In an interview Ayares acknowledged that the U.S. subsidiary is looking for a partner to help spin off from its overseas parent company, which is feeling investor pressure to use its money to get another product to market as quickly as possible.
"It's a fact that the company, while generating data (on the cloned pigs), also discovered limitations with its financial resources," Ayares said. "We were getting pressure to get (an emphysema product) into Stage 3 clinical trials, so we could launch by 2005."
He bristled at a suggestion that PPL's search for an investing partner might have prompted Wednesday's announcement as much as the scientific advance.
"We are not unethical; we do not fudge data," he said. "We have a good record in the field."
He acknowledged that PPL's work on the pigs has not yet been submitted for publication in a scientific journal, however, and therefore has not been subjected to peer review. It will be, he said.
"We are submitting to journals now. We are finishing off the manuscript."
The five female piglets -- Noel, Angel, Star, Joy and Mary -- are expected to serve as the primary stock from which researchers will create 10 to 20 families. A group of in utero males is expected to be born within a few months.
The pigs are called "knockouts," meaning that a specific gene has been deactivated, or knocked out of their DNA.
The gene is the one that causes the human immune system to speedily reject pig organs or cells. It is responsible for making an enzyme that adds a sugar to the surface of pig cells. The human immune system recognizes this sugar as foreign and triggers a response -- within minutes -- called "early hyperacute rejection."

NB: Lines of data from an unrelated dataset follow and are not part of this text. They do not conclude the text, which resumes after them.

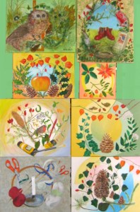 Ce chouette (effraye?) tableau fait partie d'un ensemble d'oeuvres imposées dans le cadre d'un projet de l'atelier (celui de composer des assiettes fantaisies) On voit ci-contre à gauche un ensemble de travaux similaires réalisés à l'atelier. |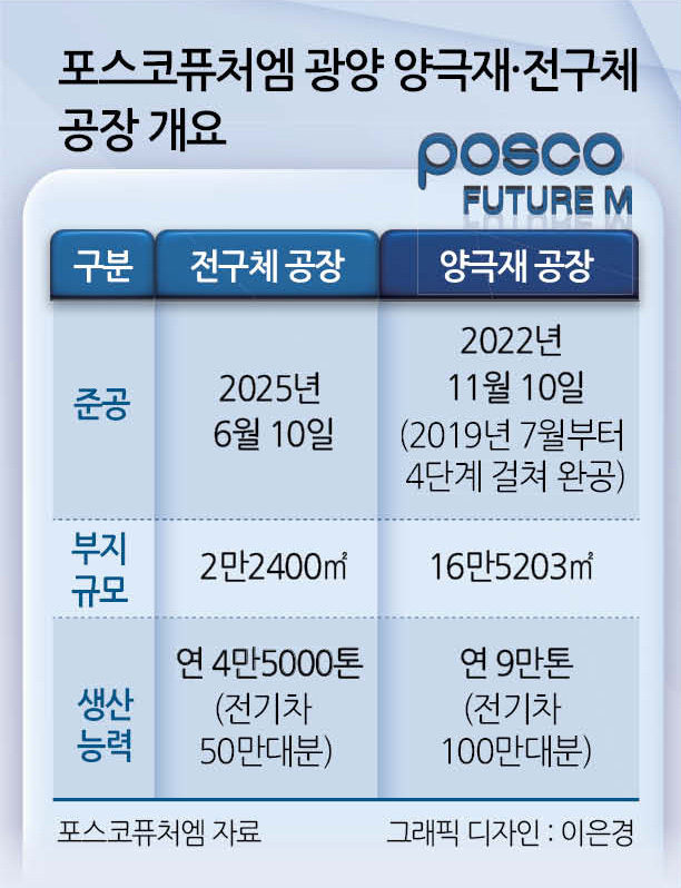 포스코퓨처엠의 광양 전구체 공장은 총 2만2400㎡(약 6800평) 크기로 조성됐으며, 연간 4만5000톤 규모의 전구체 생산이 가능하다. 이는 전기차 50만대 분량의 배터리를 만들 수 있는 양이다. 여기서 생산되는 전구체는 전량 얼티엄셀즈향 양극재 제조에 사용될 예정이다.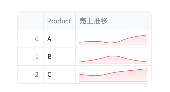 AreaChartColumnは、データフレーム内の列をエリアチャートとしてレンダリングするために使用します。各セルのデータをチャートとして描画するため、情報がより分かりやすくなり、データの動向を視覚的に確認することが可能です。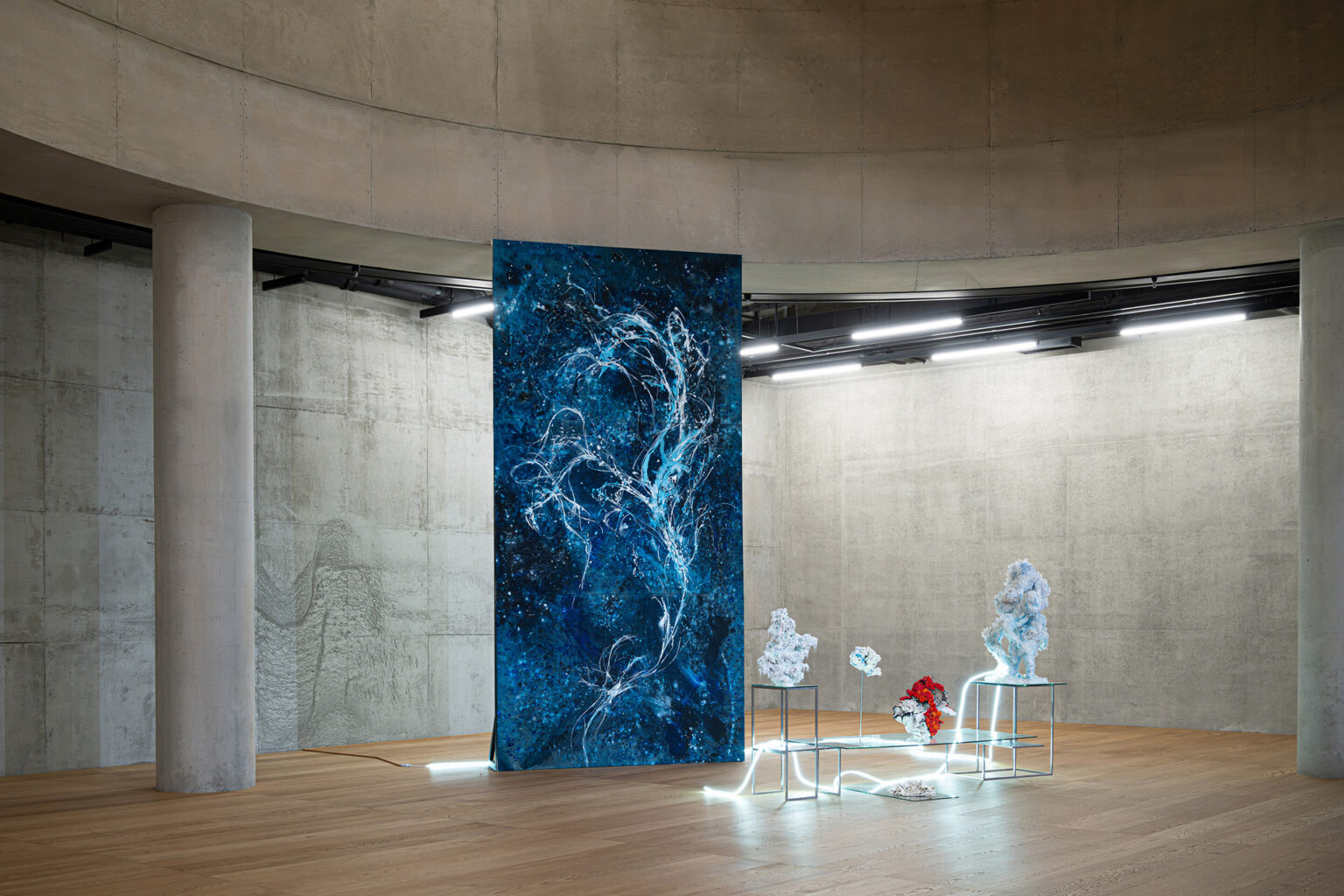 ‹Cycle›, 2023, 캔버스에 아크릴릭, 수정, 산호, 테라코타, 레진, 석고, 실리콘, 플라스틱 점토, 모래, 광물, 철사, 유리, 조명, 가변 크기

John Cannon, an expert on knockout genes at the University of South Florida and All Children's Hospital, called PPL's work "very interesting and definitely an essential first step toward xenotransplantation (cross-species transplantation) using pig organs."
He warned, however, that problems might lie ahead and that "any further claims by the company of revolutionizing this field should be considered very premature."
Knocking out the gene that causes early hyperacute rejection may not end the human body's effort to reject the foreign cells, he said.
"There are likely a very large number of proteins on the pig cells that, in aggregate, might cause trouble in long-term grafts -- you just can't tell upfront," he said.
"The main point is that xenotransplantation, while very plausible even within the next five to 10 years, is a very complex process that is going to have a large number of barriers to overcome. Only some of these barriers can be predicted at the outset."